The Counterargument: The Emotional Aspect

I want to be clear about this: staying aggressively allocated when markets are in a free fall is incredibly difficult strategy to execute. 

Money is one of our greatest emotional vulnerabilities, and losses hurt roughly twice as much as equivalent gains feel good. Watching a portfolio drop 30% is genuinely painful, even when the math tells us to hold strong. If market volatility meaningfully affects your sleep, your decision-making, or your well-being, then your allocation is too aggressive, regardless of what historical probabilities suggest. A mathematically optimal strategy that you cannot emotionally execute is not optimal at all.

Additionally, if your spending needs are modest relative to your assets or if you have effectively “already won the game,” preserving capital is the superior option to maintaining an aggressive allocation. Account growth becomes optional when sustainability is no longer in question.

This article is not an argument for maximum risk, but rather an argument against unnecessary conservatism when time horizon and financial risk capacity still support growth. Sometimes, discomfort is the price of admission for long-term investment outcomes. Avoiding volatility altogether does not eliminate risk, it just shifts that risk from short-term fluctuation to long-term insufficiency.

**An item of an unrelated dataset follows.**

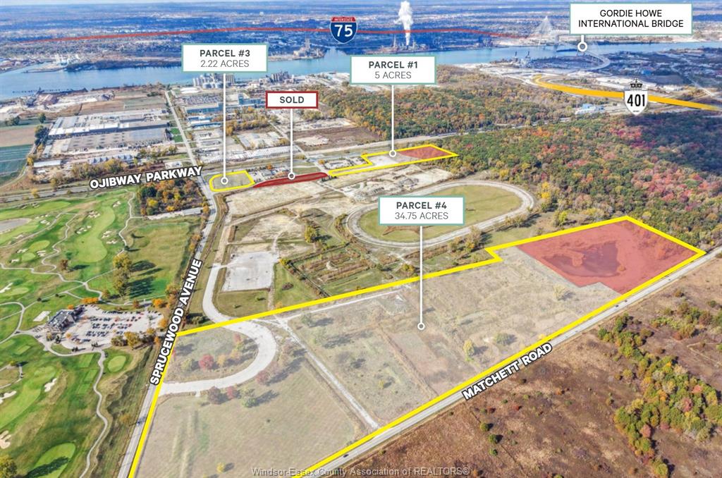 Approximately 43. 39 acres across four (4) separate land parcels located between ojibway parkway, sprucewood ave and matchett road in windsor. This prime development opportunity is perfectly suited for numerous commercial/retail/medical applications. Each parcel is also available for sale separately. Please contact listing brokerage for more information and complete offering package.

Conclusion: Recalibrating Your Fear

In the internet age, we are drowning in information designed to scare us. That emotional noise has worked its way into millions of portfolios in the form of excessive caution, idle cash, and bond allocations that struggle to outrun inflation.

For the vast majority of investors who aren't at or immediately near retirement, the risk of being too conservative outweighs the risk of a multi-year bear market.

With inflation running at 3%, a portfolio returning too little is a portfolio slowly bleeding out.
The stock market rewards discipline and patience, while penalizing the fearful.

The math has always been on the side of staying aggressive, the only question is whether you're willing to trust it. 


More Reading:

The Windfall Effect: Turning Tax Refunds and Cash Rewards into Savings
The FIRE Tradeoff: The Risk of Running Out of Life Before You Run Out of Money​
Budgeting Sucks. Do It Anyway.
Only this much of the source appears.